Action item
Word for word, restate the lines of the listing below from the line with "Impact Grow é" through the line with "detaljer eller distraktioner.", and do not include the pictures.

Data section

--*--

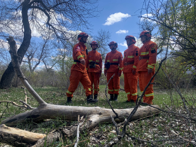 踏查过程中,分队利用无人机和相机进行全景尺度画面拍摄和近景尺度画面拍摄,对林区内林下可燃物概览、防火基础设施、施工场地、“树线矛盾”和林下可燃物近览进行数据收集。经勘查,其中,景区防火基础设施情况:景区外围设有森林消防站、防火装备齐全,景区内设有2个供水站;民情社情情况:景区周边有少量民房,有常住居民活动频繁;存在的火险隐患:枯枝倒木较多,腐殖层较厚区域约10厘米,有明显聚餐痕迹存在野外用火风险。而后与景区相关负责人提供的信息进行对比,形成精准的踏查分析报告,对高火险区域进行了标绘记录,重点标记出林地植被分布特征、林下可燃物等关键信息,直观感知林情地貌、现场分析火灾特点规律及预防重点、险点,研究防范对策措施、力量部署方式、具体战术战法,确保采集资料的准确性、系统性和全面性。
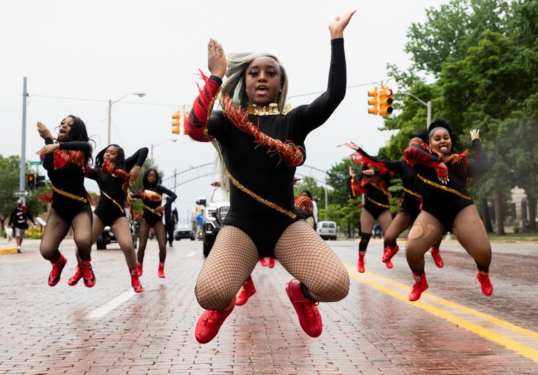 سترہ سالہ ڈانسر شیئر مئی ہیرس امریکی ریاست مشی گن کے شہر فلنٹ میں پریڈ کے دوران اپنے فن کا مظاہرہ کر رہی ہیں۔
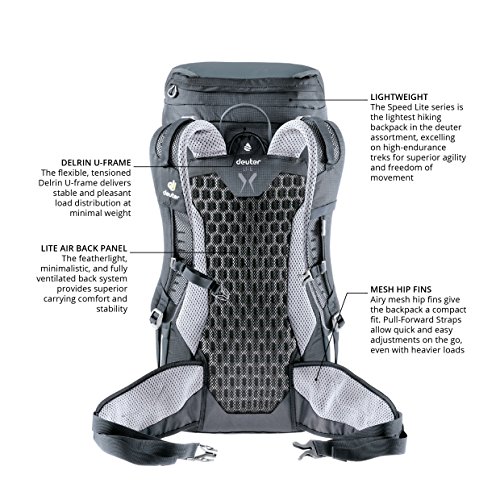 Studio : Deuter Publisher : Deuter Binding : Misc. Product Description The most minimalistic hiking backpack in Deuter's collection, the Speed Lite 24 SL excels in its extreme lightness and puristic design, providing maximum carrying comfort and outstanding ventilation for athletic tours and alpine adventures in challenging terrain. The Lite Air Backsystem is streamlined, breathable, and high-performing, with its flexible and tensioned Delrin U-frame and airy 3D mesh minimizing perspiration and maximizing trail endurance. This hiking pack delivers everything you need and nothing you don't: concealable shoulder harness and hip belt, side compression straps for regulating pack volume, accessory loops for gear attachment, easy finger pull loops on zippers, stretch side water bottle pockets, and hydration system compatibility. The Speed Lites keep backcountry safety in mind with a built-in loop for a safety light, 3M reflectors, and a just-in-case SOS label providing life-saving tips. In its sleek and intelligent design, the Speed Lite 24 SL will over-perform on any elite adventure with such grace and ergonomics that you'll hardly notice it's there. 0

--*--

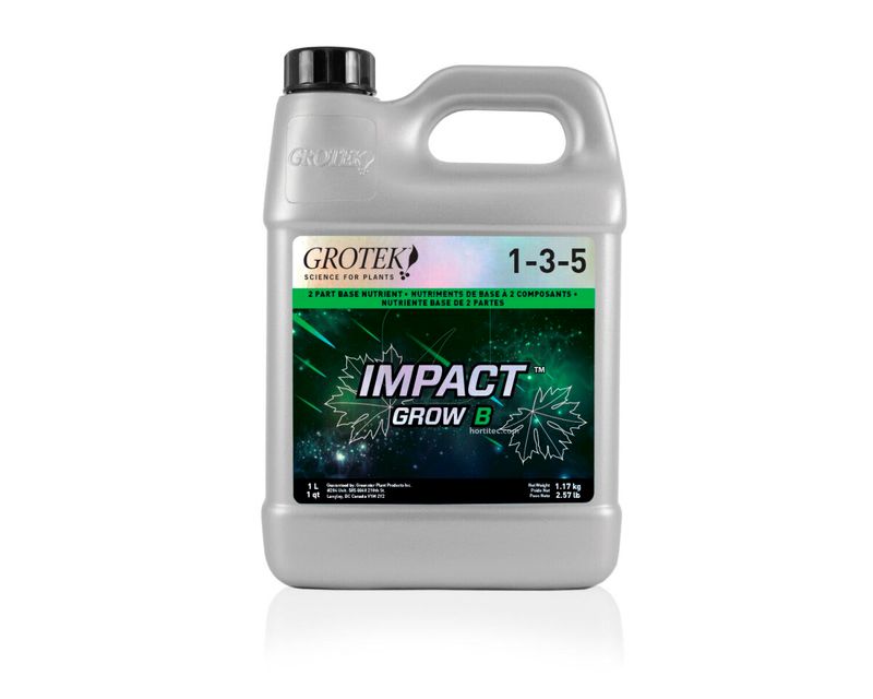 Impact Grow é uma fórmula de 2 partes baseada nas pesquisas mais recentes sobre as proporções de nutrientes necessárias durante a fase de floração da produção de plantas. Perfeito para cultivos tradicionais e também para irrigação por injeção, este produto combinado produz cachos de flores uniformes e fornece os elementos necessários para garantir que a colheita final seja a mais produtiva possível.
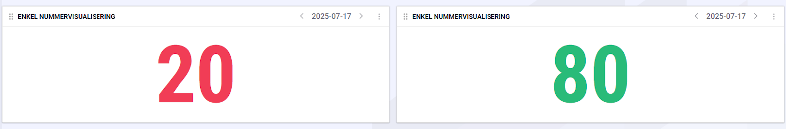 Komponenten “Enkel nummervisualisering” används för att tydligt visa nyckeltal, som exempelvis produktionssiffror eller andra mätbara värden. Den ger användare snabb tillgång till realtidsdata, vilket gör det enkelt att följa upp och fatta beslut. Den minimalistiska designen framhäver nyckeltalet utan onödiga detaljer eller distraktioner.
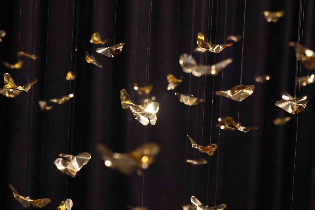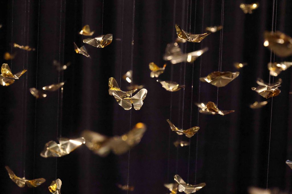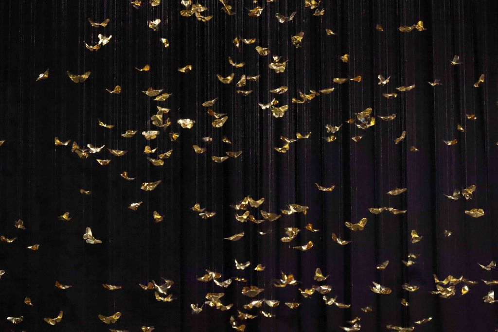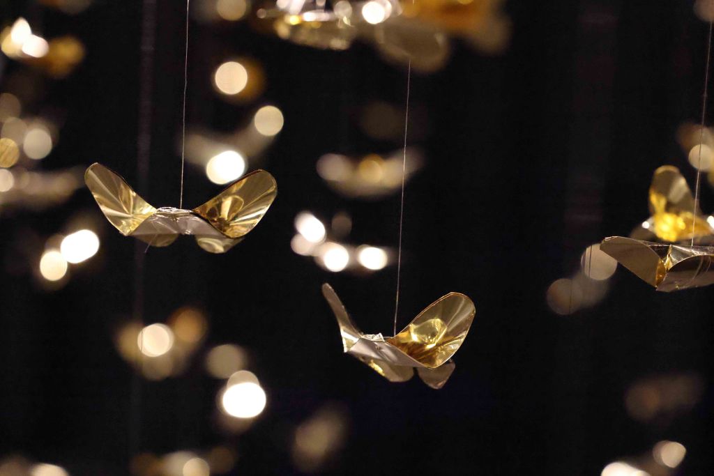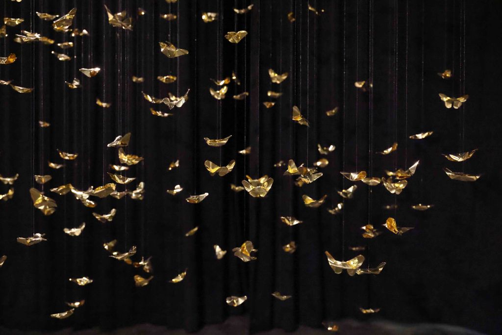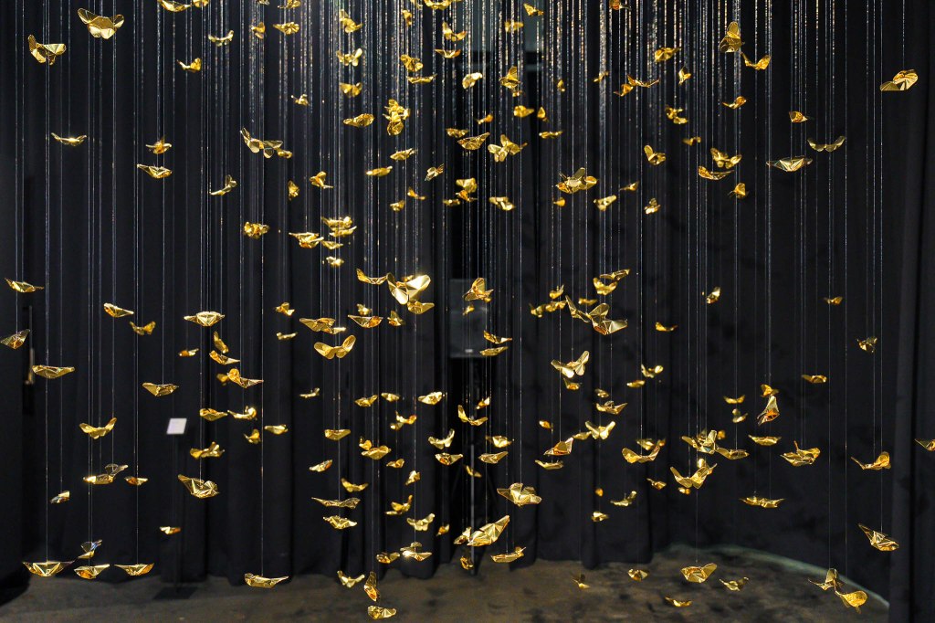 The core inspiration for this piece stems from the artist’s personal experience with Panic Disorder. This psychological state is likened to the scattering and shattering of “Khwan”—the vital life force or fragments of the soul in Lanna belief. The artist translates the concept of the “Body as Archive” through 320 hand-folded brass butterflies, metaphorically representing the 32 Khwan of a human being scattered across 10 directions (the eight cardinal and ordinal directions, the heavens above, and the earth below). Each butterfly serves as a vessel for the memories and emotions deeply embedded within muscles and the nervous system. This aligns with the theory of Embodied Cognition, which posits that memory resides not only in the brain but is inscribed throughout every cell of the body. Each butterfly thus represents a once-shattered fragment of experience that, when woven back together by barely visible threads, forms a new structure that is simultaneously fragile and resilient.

--*--

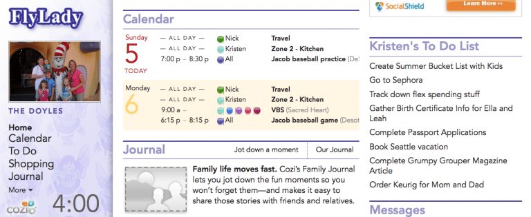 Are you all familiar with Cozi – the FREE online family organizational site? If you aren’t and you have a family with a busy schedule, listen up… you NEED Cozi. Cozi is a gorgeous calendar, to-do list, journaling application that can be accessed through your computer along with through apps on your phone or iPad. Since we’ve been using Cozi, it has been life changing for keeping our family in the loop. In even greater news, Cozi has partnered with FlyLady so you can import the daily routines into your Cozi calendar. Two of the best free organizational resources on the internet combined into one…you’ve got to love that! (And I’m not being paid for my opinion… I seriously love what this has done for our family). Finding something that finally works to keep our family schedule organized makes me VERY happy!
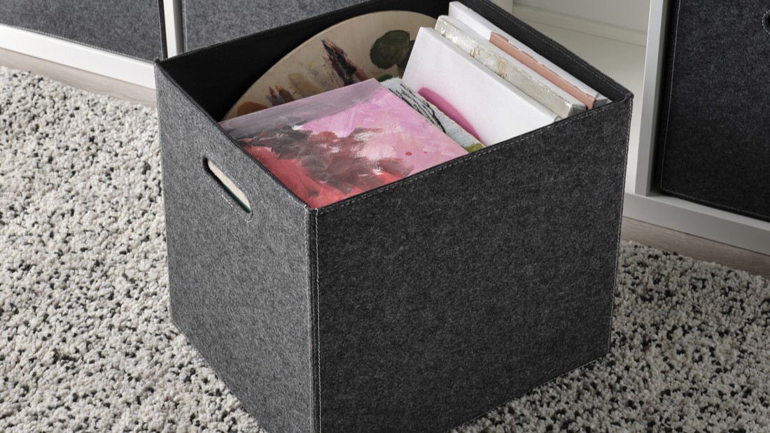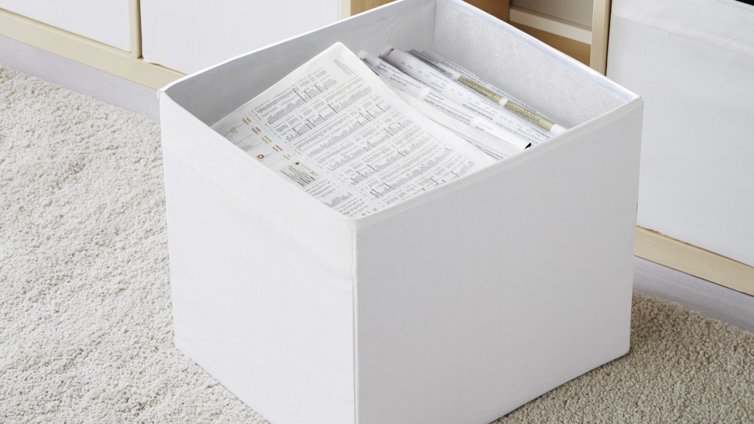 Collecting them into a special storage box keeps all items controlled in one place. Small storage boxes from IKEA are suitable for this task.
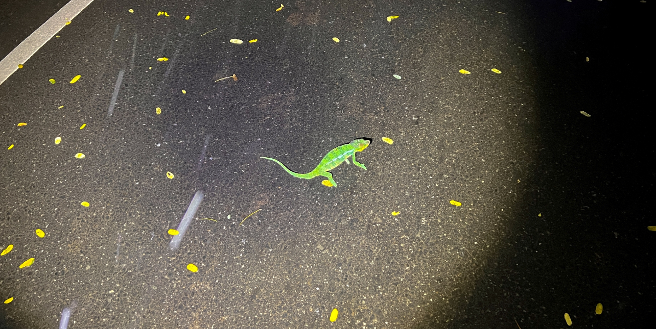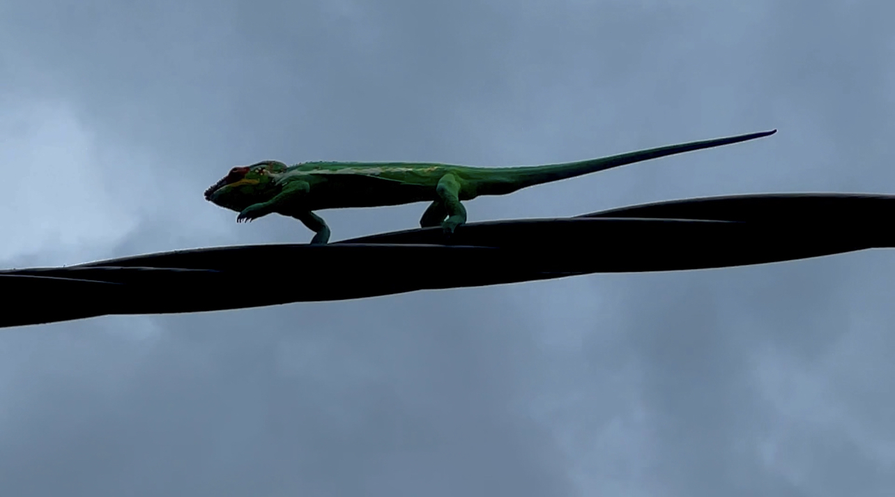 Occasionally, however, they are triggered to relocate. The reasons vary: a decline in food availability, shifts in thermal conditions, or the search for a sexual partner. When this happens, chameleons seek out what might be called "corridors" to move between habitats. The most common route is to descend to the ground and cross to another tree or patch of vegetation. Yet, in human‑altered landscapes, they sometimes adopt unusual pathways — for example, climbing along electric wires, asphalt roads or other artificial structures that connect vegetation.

--*--

Output for this task
 Impact Grow é uma fórmula de 2 partes baseada nas pesquisas mais recentes sobre as proporções de nutrientes necessárias durante a fase de floração da produção de plantas. Perfeito para cultivos tradicionais e também para irrigação por injeção, este produto combinado produz cachos de flores uniformes e fornece os elementos necessários para garantir que a colheita final seja a mais produtiva possível.
 Komponenten “Enkel nummervisualisering” används för att tydligt visa nyckeltal, som exempelvis produktionssiffror eller andra mätbara värden. Den ger användare snabb tillgång till realtidsdata, vilket gör det enkelt att följa upp och fatta beslut. Den minimalistiska designen framhäver nyckeltalet utan onödiga detaljer eller distraktioner.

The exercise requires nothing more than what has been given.